In a previous post, I wrote about how steps and variables become part of a "snapshot" when a release is created in Octopus. I mentioned that one of the changes I am working on is to introduce the concept of a 'role' into Octopus.
How it used to work
To recap, in the 1.0 versions of Octopus Deploy, an environment has machines, and steps in a project reference those machines:
In the example above, I'm creating a step for a NuGet package, and I've selected two machines from the production environment.
This design has downsides:
- If you add or remove a machine, you'll have to update every project, and create new releases
- Old releases will not be deployed to the new machine, or will not be allowed to deploy if they reference a non-existent machine
In a world of cloud computing and scaling out, this is very problematic, and so I've been working on a fix.
How it will work
In Octopus Deploy 1.1, you'll be able to tag machines as serving one or more 'roles', which you can define yourself.
When you create a step or a variable, instead of choosing machines specifically, you'll just choose a role to target:
The same applies to variables - a variable can now be scoped to a 'role' instead of to a machine.
Upgrading
For customers with existing data in Octopus Deploy, this creates a problem. Previously, steps referenced machines. In the new model, steps reference roles, and machines are in roles. The two data models are incompatible, and I'm trying to decide how the migration experience will work.
There seem to be a few options. One is to break backwards compatibility - old releases/projects could become read-only, and users will have to visit each project to create new releases after defining the roles and updating steps/variables. Only then would you be able to deploy releases again. Obviously this has a lot of downsides.
Option 2 is to keep backwards compatibility indefinitely, by supporting both models. While this might be a better short term experience, in the long term I think it would just create confusion, as there would be two ways to do the same thing. The role-based model has no real downsides compared to the old model, so supporting the old model indefinitely makes no sense.

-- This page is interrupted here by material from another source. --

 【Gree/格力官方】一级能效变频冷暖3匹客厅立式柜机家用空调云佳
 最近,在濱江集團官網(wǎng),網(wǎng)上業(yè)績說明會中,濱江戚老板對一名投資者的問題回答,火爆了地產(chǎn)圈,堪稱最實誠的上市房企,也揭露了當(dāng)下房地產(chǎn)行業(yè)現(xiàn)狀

Finally, option 3 is to "adapt" the data, by automatically giving each machine a unique role (e.g., "machine-123"), and then converting old steps/variables that referenced that machine to reference its unique role instead. This way we move everything to a role-based model, old releases can continue to be deployed, and users can tidy up/refactor the roles as necessary after upgrading. It might be confusing at first, but Octopus Deploy users are all very clever, so I think they can handle it :)
Summary
Dealing with this kind of semantic difference in schema versions is an interesting problem, and at the moment I am leaning towards option 3.